In a letter to Governor Matt Mead, the County Commissioners said the following:

“If the GLMA and the migration corridor oil and gas leases are sold prior to completion of the RMP and its Record of Decision, the opportunities for identifying and collaborating to balance the needs of energy development, wildlife preservation, and recreation opportunities may be lost.”

Governor Mead’s Support for Deferral

A little more than two months after receiving the letter from the County Commissioners, Governor Mead sent a letter to Ryan Zinke, Secretary of the U.S. Department of the Interior, voicing his support for the deferral of leasing the parcels in the GLMA and the migration corridor until the RMP is completed.

Governor Mead said the following:

“I ask that you defer those parcels that lack leasing stipulations designed to protect the resources being addressed by the Rock Springs Resource Management Plan.”

He went on to ask for at least the deferral of three parcels within the Pine Mountain area that is crucial winter range for mule deer, elk, and antelope, as well as one parcel that is entirely within the migration corridor.

The Sporting Community’s Viewpoint

The GLMA is seen as the “crowned jewel” of hunting and fishing for Wyoming sportsmen and sportswomen, according to Nick Dobric, Wyoming Field Representative for the Theodore Roosevelt Conservation Partnership.

“There is a lot of demand for hunters in this area. Lots of hunters put in, but there’s not a lot of tags offered. Oil and gas would decrease the hunting opportunity even more,” Dobric said.

With the mule deer population on a decline in the GLMA, which is being studied by the Wyoming Cooperative Fish and Wildlife Research Unit and the University of Wyoming, hunting opportunities is of grave concern for the Wyoming sporting community.

“There’s lots of emotions in this,” Dobric said.

Joey Faigl, Muley Fanatic Foundation COO, has spent his entire life hunting, fishing, and recreating in the GLMA. He has spent many days out in the area, and can recall several cherished memories.

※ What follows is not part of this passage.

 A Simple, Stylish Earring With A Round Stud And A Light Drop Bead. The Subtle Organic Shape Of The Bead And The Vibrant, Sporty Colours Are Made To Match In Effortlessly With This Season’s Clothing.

However, of all of the animals he has seen out there, mule deer are his favorite.

“Nothing gets my heart going like a mule deer,” Faigl said.

For Wyoming sportsmen and sportswomen, areas like the GLMA are great places to get in touch with nature and clear their heads. They say that is hard to do next to a gas well.

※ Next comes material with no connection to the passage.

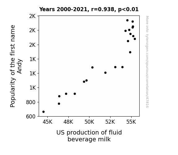 This means 87.9% of the change in the one variable (i.e., US production of fluid beverage milk) is predictable based on the change in the other (i.e., Popularity of the first name Andy) over the 22 years from 2000 through 2021.

Buddy Green, Wyoming BLM Office Deputy State Director, Resource Policy of Management, explained that the National BLM Office makes the ultimate decision for which parcels end up in the lease sale.

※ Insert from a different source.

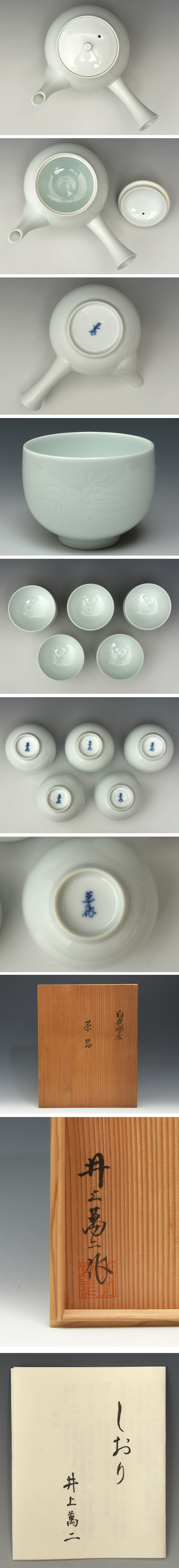 人間国宝 井上萬二 (造) 白磁 彫文 茶器 一揃 / 急須 湯呑 5客/ 共箱 しおり 煎茶道具 茶道具 陶磁器 (検) 伊万里 有田 |

However, he said that he hopes the National BLM Office will “do the right thing” considering all of the support shown for the deferrals. He assured that the state office is listening to the concerns.

Recreation’s Impact on Local Economy

According to the GLMC, the GLMA supports up to 225 jobs in Sweetwater County, and the revenue generated by hunting, fishing, and other outdoor recreation in the GLMA and the BLM Rock Springs Field Office contributes $19.1 million per year to the local economy.

According to the GLMC, in the last five years big game hunters spent $3.7 million to hunt mule deer, $4.1 million for pronghorn, $4.8 million for elk, and $19,600 for moose in the GLMA.

Also, anglers spent about $48.4 million in the last five years in Sweetwater County. More than 31,600 resident and non-resident fishing licenses combined were sold in Sweetwater County from 2010 to 2015.